Nix came into the Utah game with the best completion percentage in the country at 78.4 and the fourth-best passer rating at 180.2. With scouts from 11 NFL teams watching from the press box, he completed 77% of his passes against Utah’s defense and graded out at 165.9 for the game. At least the Utes can say they held him below average.
On paper, honoring the vaunted MUSS in a game of such importance (with the winner staying very much alive in both conference and national championship contention; the loser facing a major if not impossible uphill climb) appeared to be a stroke of strategic genius. Painting the helmets and egging on the students should have been like throwing your pet doberman a raw T-bone.
But Oregon started out so quickly and so efficiently that the 7,000 students stuffed into the southeast corner of the stadium never had much of a chance. The students, many of whom had been up since 5 a.m. so they could get a good viewing spot at the “GameDay” broadcast (and some slept overnight on the Presidents Circle grass), were still settling into the stands and trying to find their voice when Oregon burst out of the blocks.
The MUSS’s specialty is jumping up and down to get teams to freak out on third down. But the Third Down Jump only worked half the time — Oregon was five for 10 on third downs — and didn’t result in a single false start penalty.
The game marked the fifth straight meeting between the Utes and the Ducks with both teams nationally ranked. The string began with the Pac-12 championship game in 2019 when Oregon was ranked fifth and Utah 13th. It continued with two games in 2021, the first during the regular season when Oregon was ranked third and Utah 23rd and the second in the Pac-!2 championship game when Oregon was ranked 10th and Utah 17th. Last year, the teams met in Eugene with Utah ranked 10th and Oregon 12th.

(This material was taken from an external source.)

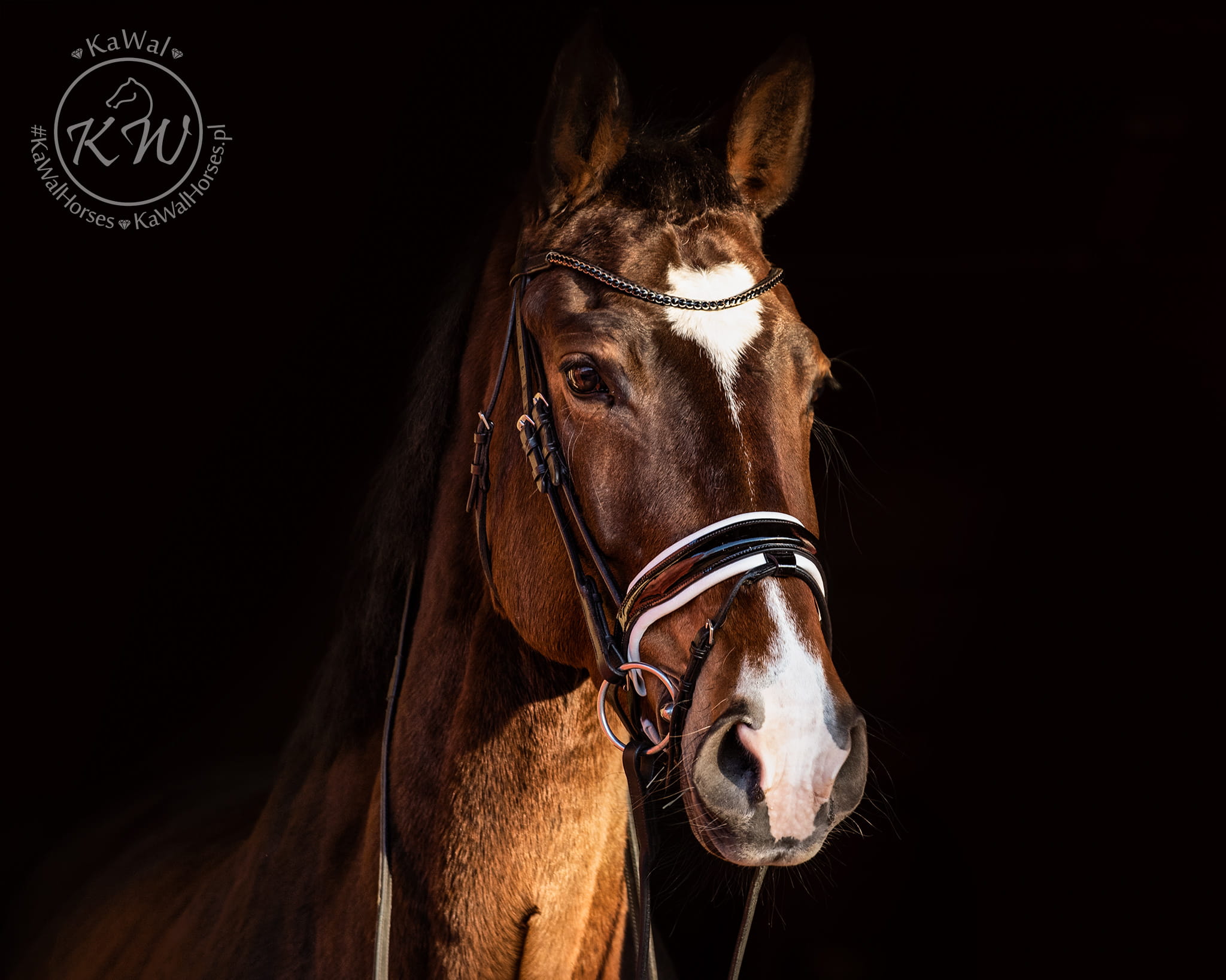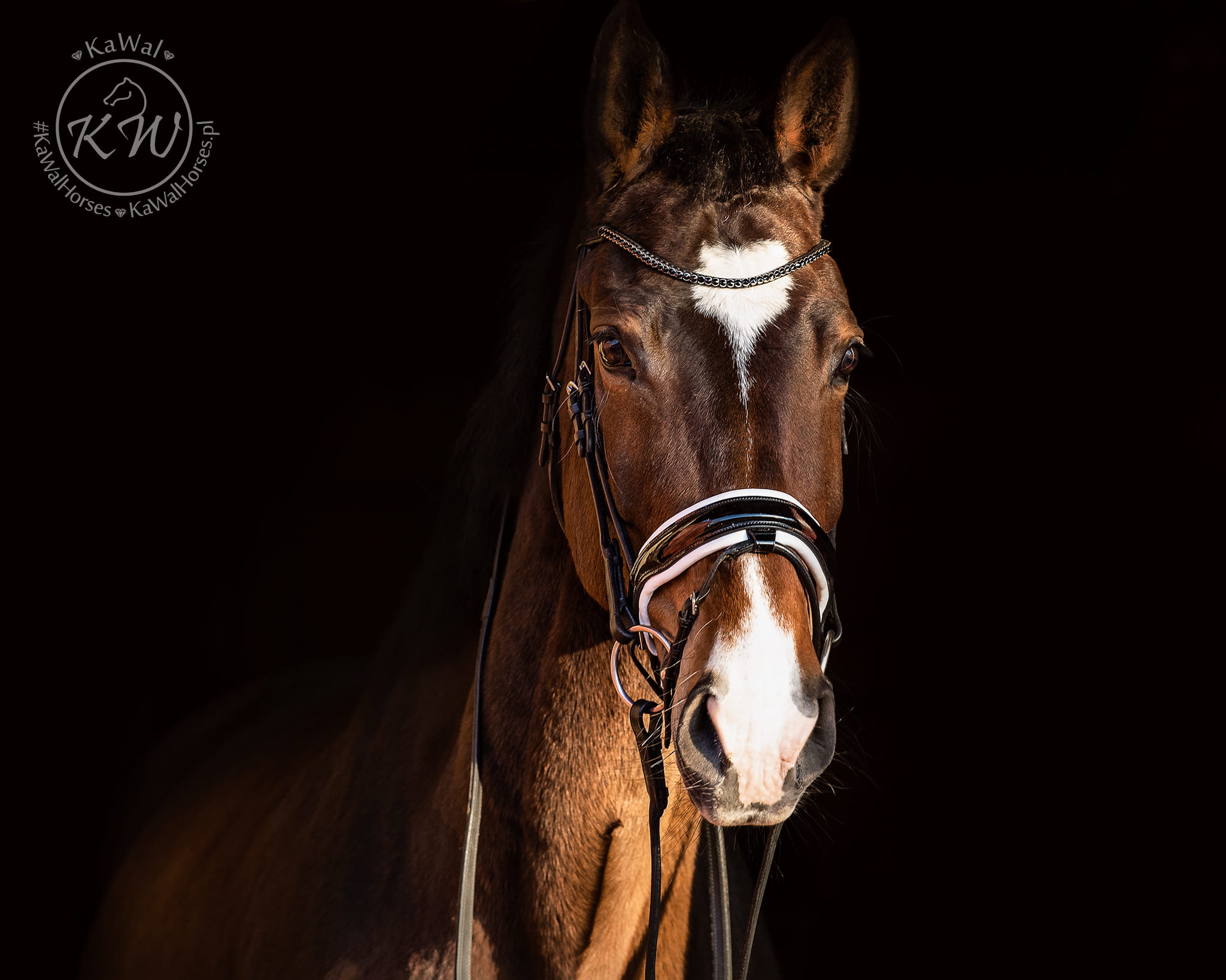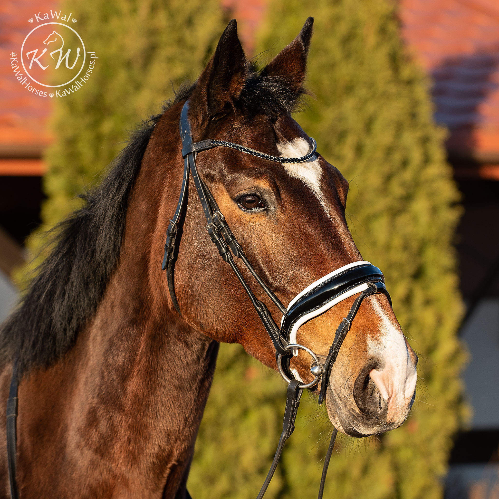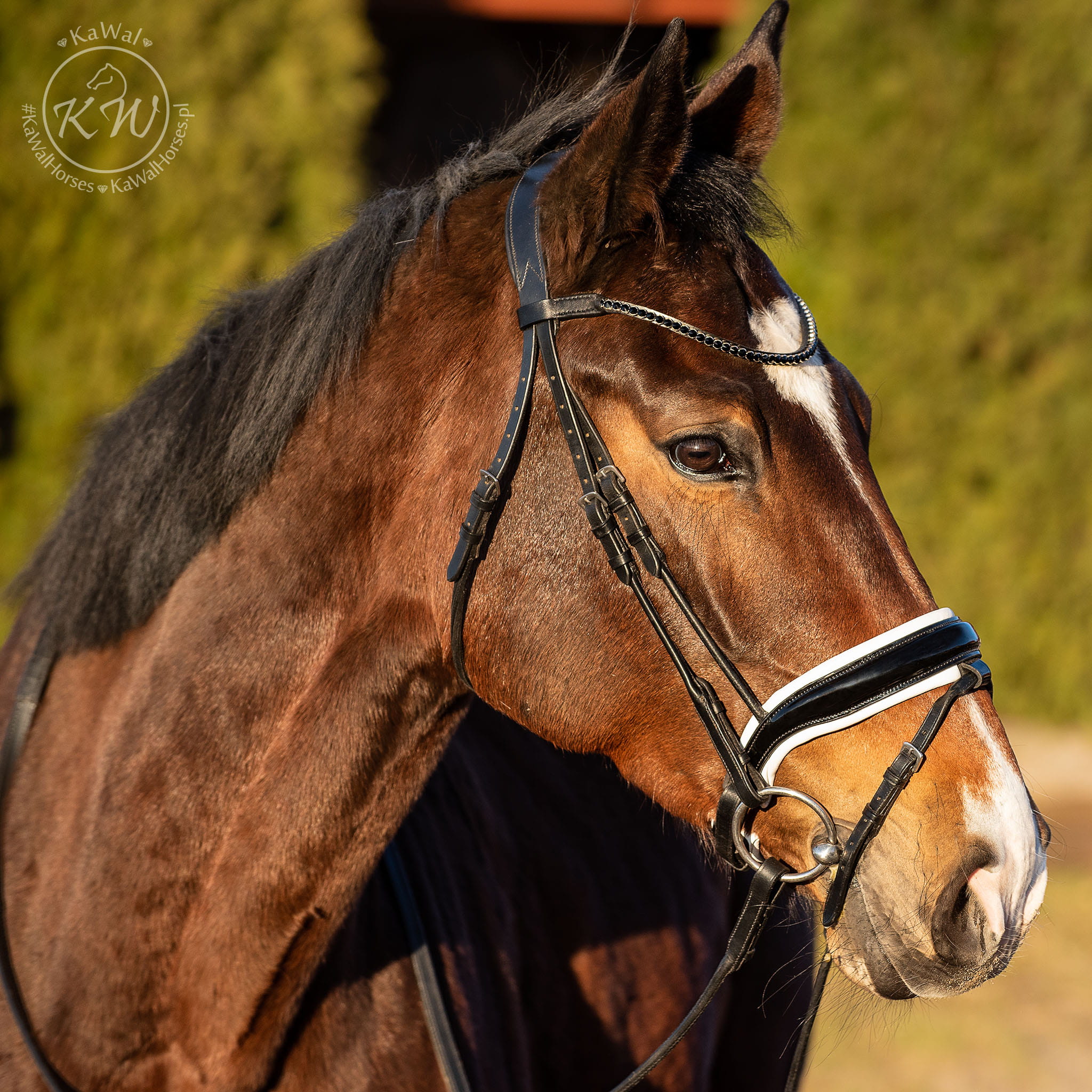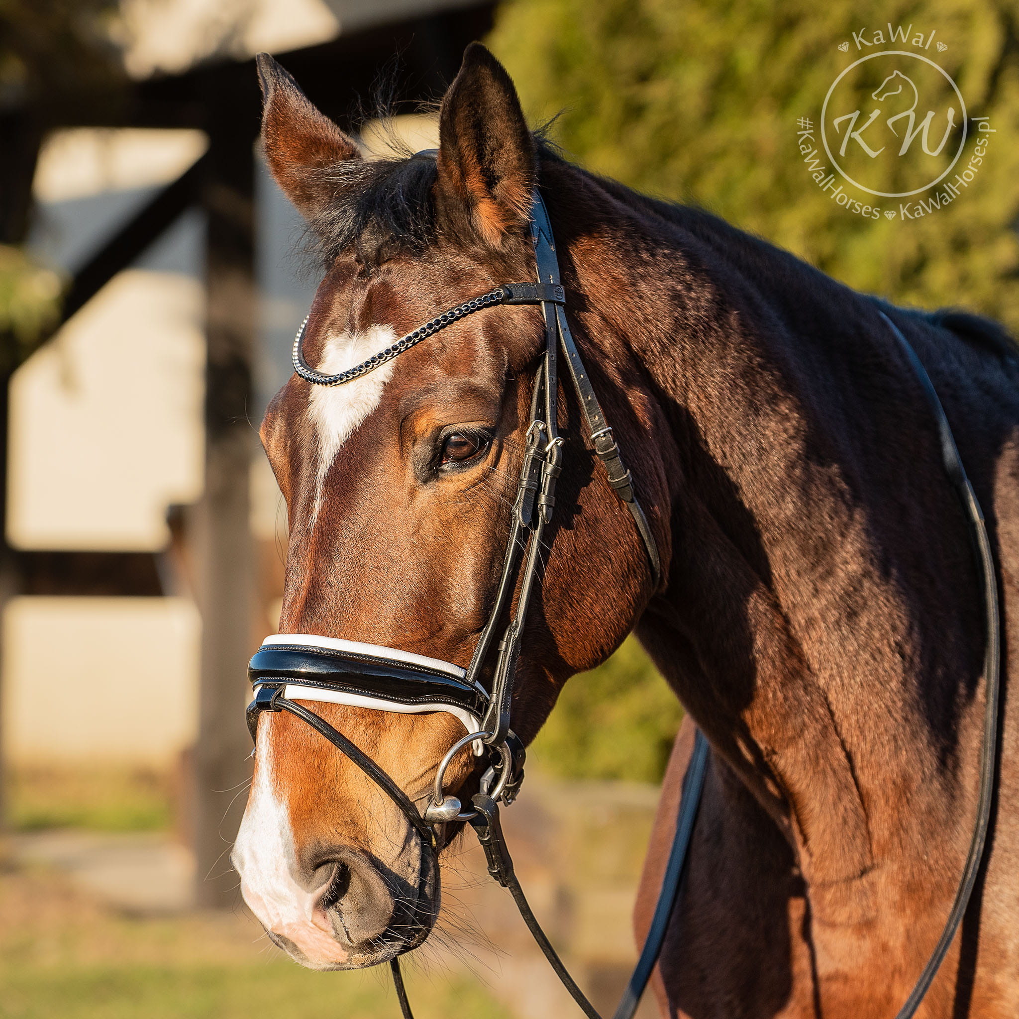 Czarne ogłowie z mocno opadającym naczółkiem ozdobionym jednym rzędem czarnych kryształków oraz szerokim, lakierowanym, podszytym białą skórą, rurkowym nachrapnikiem. Profilowany nagłówek został miękko podszyty czarną skórą.

The lowest ranked team, i.e. the underdog, won in each of those games — until the trend was reversed Saturday.
The only record Utah set Saturday was unofficial — the quietest stadium full of 53,586 fans in history. At times in the second quarter it was quieter than fall break, and it only got quieter as the stadium began to empty before the third quarter was half over. In a day that started with such potential and such promise, at the end of the game maybe 300 students remained in the MUSS. Everyone else had gone home to get some shuteye.